Merge Sort: implementation and analysis

def merge(left, right):
    result = []
    i, j = 0, 0

    while i < len(left) and j < len(right):
        if left[i] <= right[j]:
            result.append(left[i])
            i += 1
        else:
            result.append(right[j])
            j += 1

    result += left[i:]
    result += right[j:]

    return result


def mergesort(list):
    if len(list) < 2:
        return list

    middle = len(list) / 2
    left = mergesort(list[:middle])
    right = mergesort(list[middle:])

    return merge(left, right)


l = [ n for n in reversed(range(1,11)) ]
print l
print mergesort(l)

What’s going on

  1. mergesort() keeps calling itself on two halved list until eventually
  2. the list is just one element, and returns itself; control goes back to the last mergesort() previously called, which now has values for left and right, and it is able to return merge(left, right)
  3. The return value of merge(left, right) is a new list which becomes the left or right on the parent mergesort(), until the very first one that will just return the final, sorted list.

Also note that this part

result += left[i:]
result += right[j:]

is needed because at some point either i or j will be grater then their len(list), causing the while loop to terminate.
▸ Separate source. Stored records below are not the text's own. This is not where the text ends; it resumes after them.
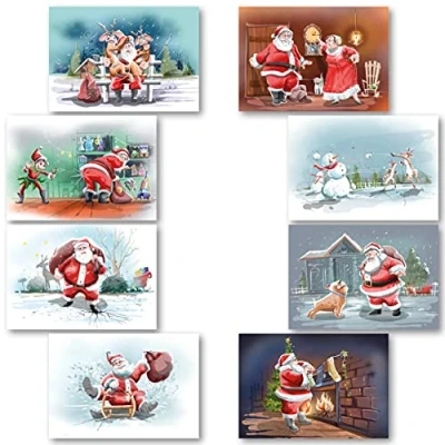 Charity Christmas Cards Pack of 24. Each card multipack has 8 different Fun Santa designs. Ecofriendly and UK made. Verse Inside. Large 172 x 122mm size.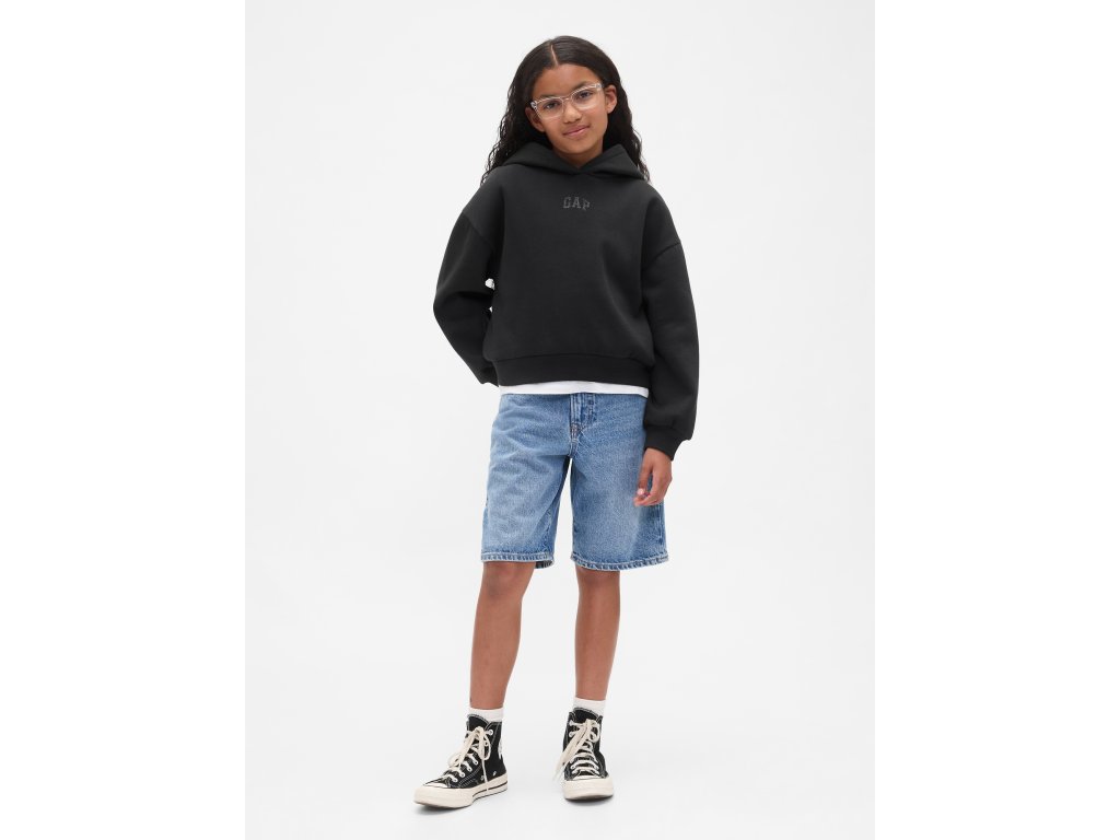 Dívčí mikina s kapucí z jemného fleecu nabízí celodenní pohodlí díky hebce česanému vnitřku a hladkému vnějšímu povrchu. Vyrobena z měkké bavlněné směsi s 23 % recyklovaného polyesteru – šetrnější volba vůči přírodním zdrojům. Mikina má kapuci, spadlá ramena, dlouhé rukávy s pružnými manžetami a rovný spodní lem. Přední i zadní část zdobí ikonické logo Gap. Relaxed fit zajišťuje volný střih sahající ke kyčlím. Vyrobeno v rámci programu RISE na podporu rovnosti žen v oděvním průmyslu. Pokud preferujete užší střih, doporučujeme zvolit o velikost menší.Doplňkové parametry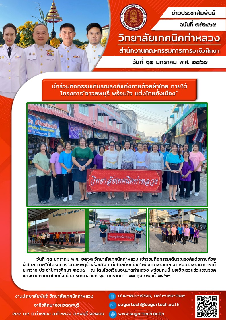 เข้าร่วมกิจกรรมเดินรณรงค์แต่งกายด้วยผ้าไทย ภายใต้โครงการ“ชาวลพบุรี พร้อมใจ แต่งไทยทั้งเมือง”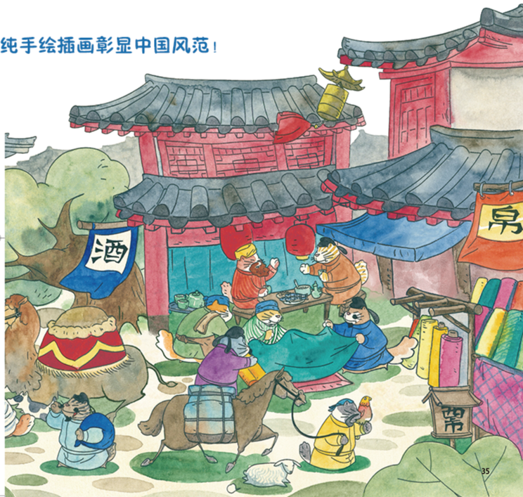 这套书共分七卷,涵盖数学、医学、地理、征战、科技、农耕、奇书七大领域,收录国风手绘插画逾500幅,堪称一部微型“中华典籍百科”。与传统典籍读物不同,该书创新性地以Q版萌猫为知识讲解员,这些神态灵动的小猫化身历史人物,在幽默对话中演绎《九章算术》《本草纲目》《天工开物》《山海经》等经典。无论是《洗冤集录》的“宋慈探案剧本杀”,还是《山海经》的“神兽进化论”,都将复杂知识点转化为孩子听得懂、记得住的表达,彻底打破“古籍=枯燥”的刻板印象。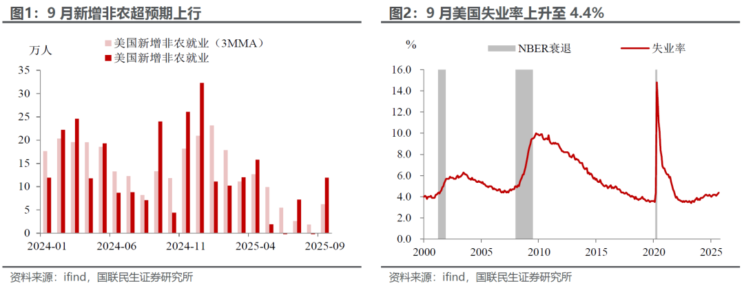 我们认为,9月数据并未给出一致且明确的政策信号:超预期上行的新增非农和失业率互相矛盾,给了市场充分的解读空间,甚至可能进一步加剧了联储内部的分歧。随着宏观信息的逐步回归,利率逐步逼近点阵图终点(3.5%左右),后续联储的降息决策会更加犹豫,如果没有政治力量的干预,停止降息进入观察基本面变化似乎是合理的。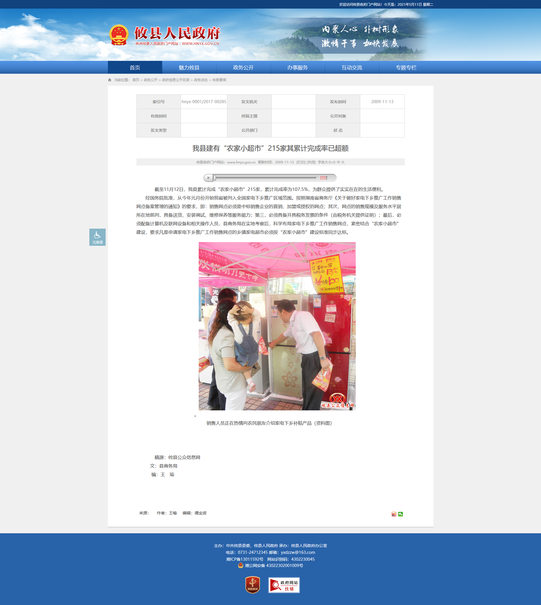 经国务院批准,从今年元月份开始我省被列入全国家电下乡推广区域范围。按照湖南省商务厅《关于做好家电下乡推广工作销售网点备案管理的通知》的要求,即:销售网点必须是中标销售企业的直销、加盟或授权的网点;其次,网点的销售规模及服务水平居所在地前列,具备送货、安装调试、维修保养等服务能力;第三,必须具备开具税务发票的条件(由税务机关提供证明);最后,必须配备计算机及联网设备和相关操作人员,县商务局在实地考察后,科学布局家电下乡推广工作销售网点,紧密结合“农家小超市”建设,要求凡是申请家电下乡推广工作销售网点的乡镇家电超市必须按“农家小超市”建设标准同步达标。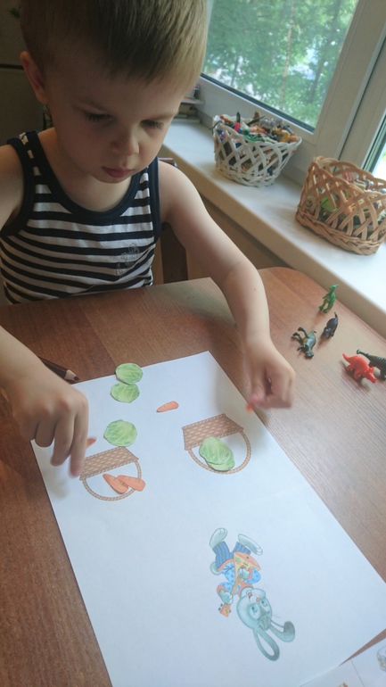Помоги разложить зайчику капусту в большую корзину, а морковку в маленькую. И скажи чего больше. (упражнение на количество и величину)🐇🥕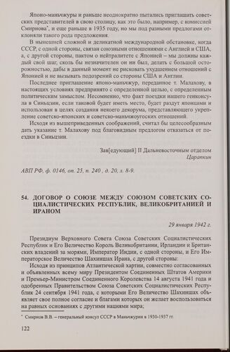 Договор о союзе между Союзом Советских Социалистических Республик, Великобританией и Ираном. 29 января 1942 г. // АВП РФ, ф. 36, оп. 1, п. 12, д. 147. Опубл.: Внешняя политика Советского Союза... — Т. 1. — С. 217-221.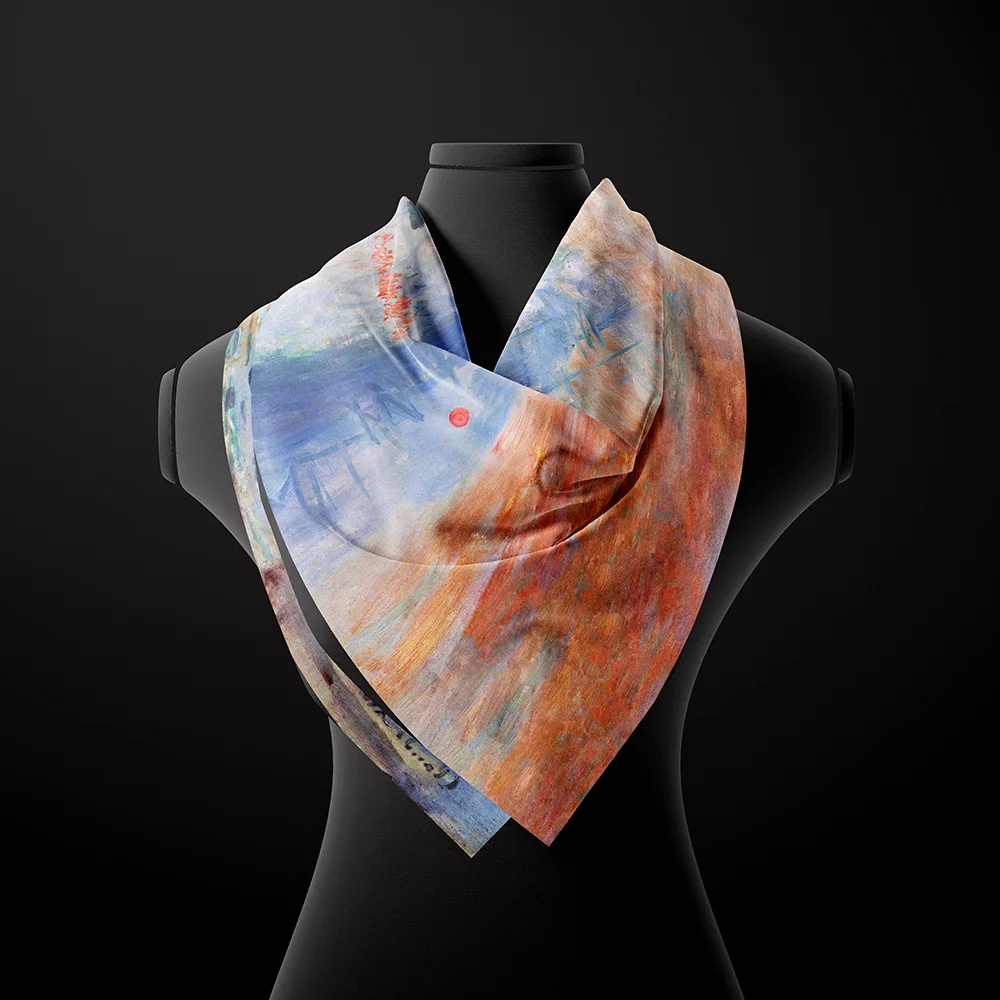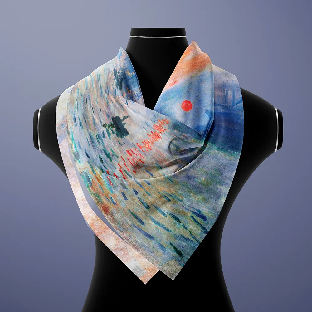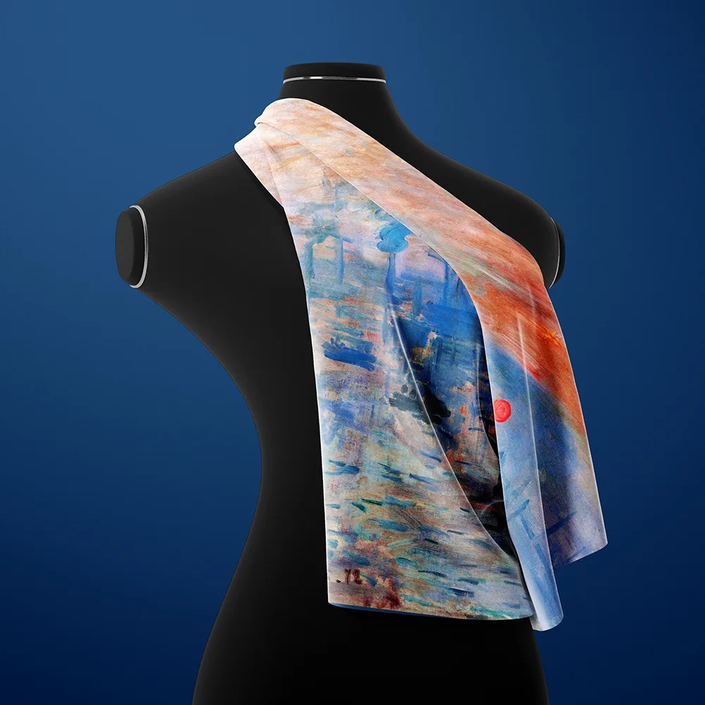 Wear Claude Monet’s Impression, Sunrise on silk — stand out from the crowd.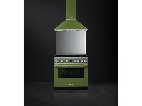 Варочный центр Smeg представлен в оливковом цвете и оснащен широким функционалом: 5 индукционных зон разного размера и 10 режимов нагрева позволят подобрать оптимальные условия приготовления для блюд любой сложности; функция Booster временно увеличит мощность выбранной конфорки для быстрого нагрева крупногабаритной посуды или кипячения больших объемов воды; пиролитическая очистка облегчит уход за камерой. Безопасность эксплуатации достигается за счет отключения при перегреве варочной поверхности и 4 стеклам, благодаря которым дверца почти не нагревается.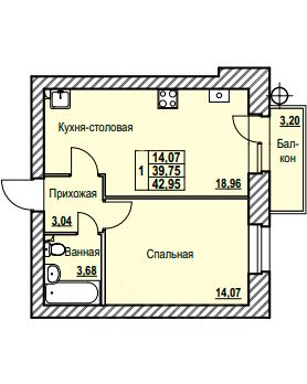 Европейская однокомнатная Современная кухня-гостиная 19,4 кв. м с выделенной нишей под кухонный гарнитур и выходом на балкон . Развивайте здесь свои кулинарные навыки и встречайте гостей Уютная спальня 14, 1 кв. м станет местом отдыха и восстановления после трудового дня. Просторная ванная комната 4,3 кв. м с уже предусмотренным местом под стиральную машину Небольшой коридор 5,1 кв. м с местом под шкаф-купе для вашей верхней одежды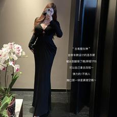大码女装胖mm法式黑色V领褶皱长袖连衣裙秋季气质收腰礼服长裙子
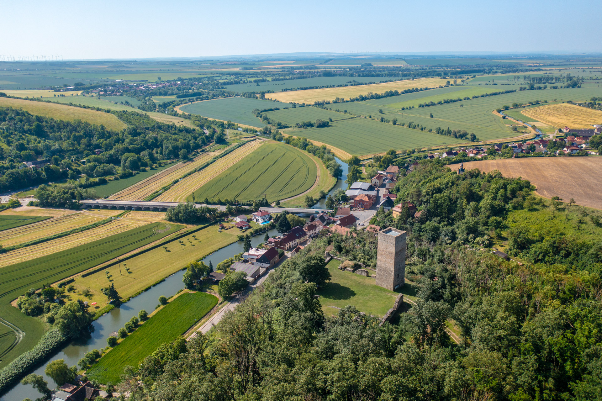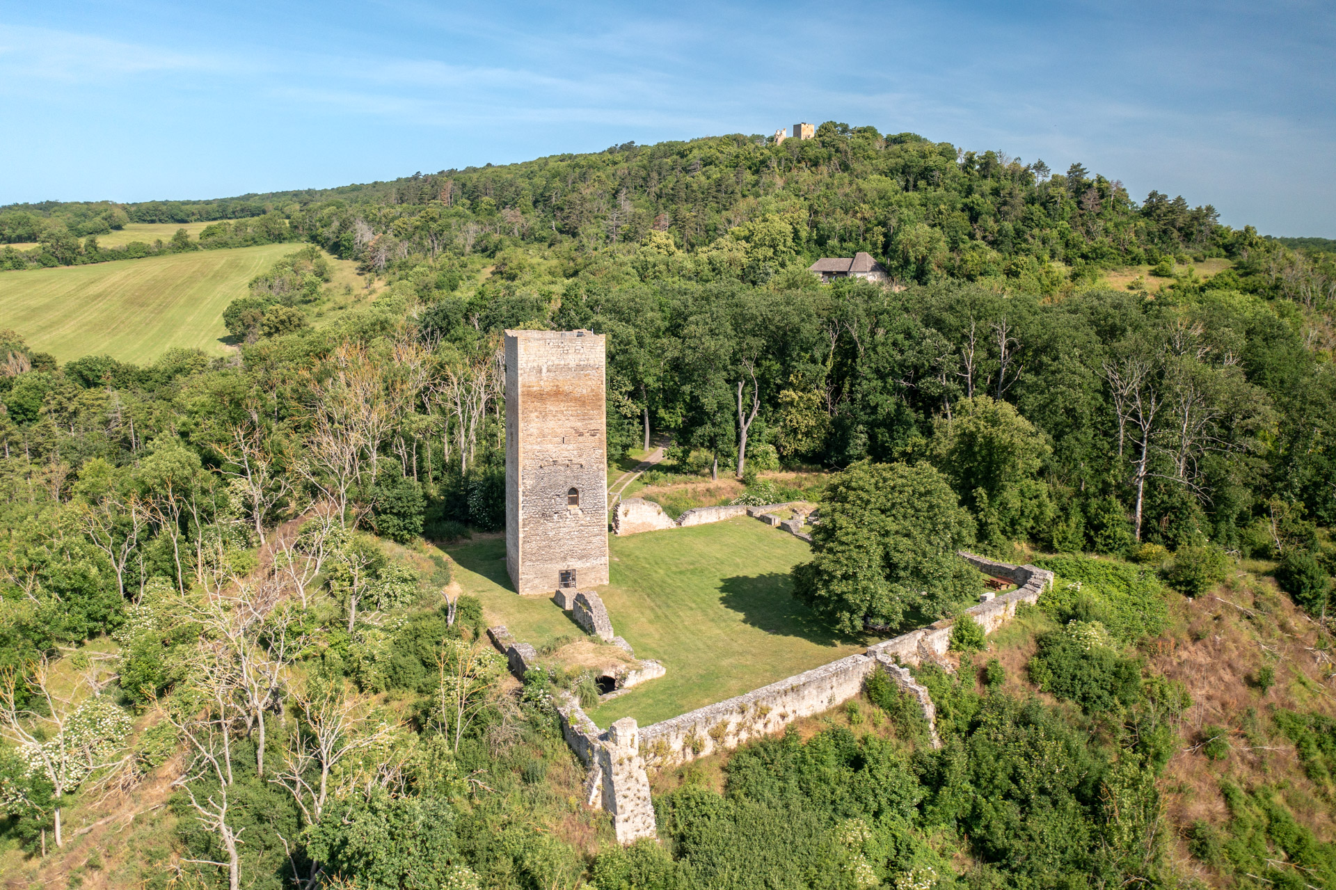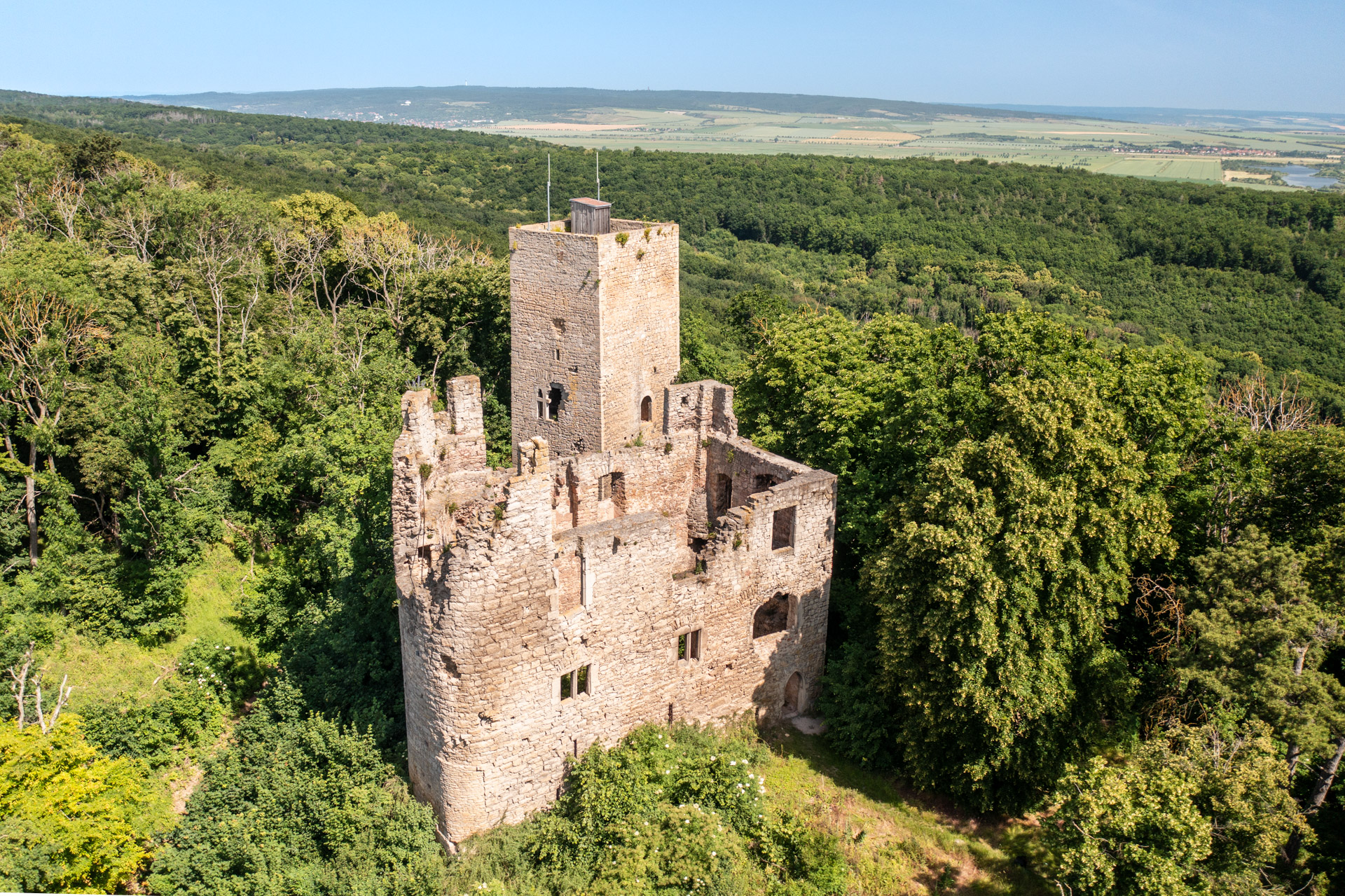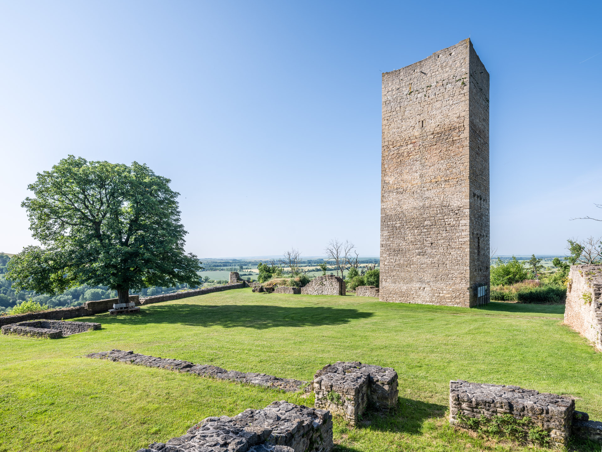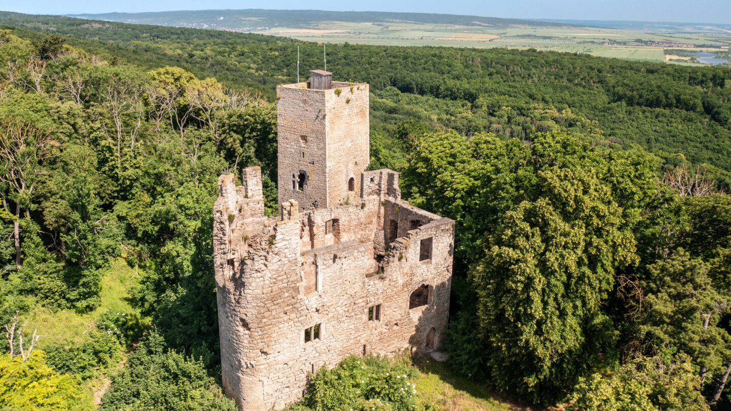 Wer schon einmal durch die Thüringer Pforte fuhr, mag sie vielleicht entdeckt haben – die Obere und die Untere Sachsenburg. Zwei Wächtern gleich erheben sich die beiden Wehranlagen auf dem sogenannten Wächterberg. Erbaut wurden sie im 13. Jahrhundert, nur 500 Meter voneinander entfernt. Beide Burgen haben eine wechselvolle Geschichte hinter sich. Markant sind vor allem die Bergfriede, die noch immer stolz aus den Baumkronen hervorragen.

However, every time the left branch is merged first it means that there are still elements on the right branch that are still to be added, and vice versa.

Analysis

The number of times we can halve \( n \) before getting to 1 is \( \log(n) \), therefore we have \( \log(n) \) levels of depth.

For every level j we have \( 2^j \) subproblems, each one with \( \frac{n}{2^j} \)  elements. This implies that the running time is the same for every level, since

\[ \frac{n}{2^j} \times 2^j = n = O(n) \\ \]

Combining the two, the running time for Merge Sort results in \( O(n \log(n)) \).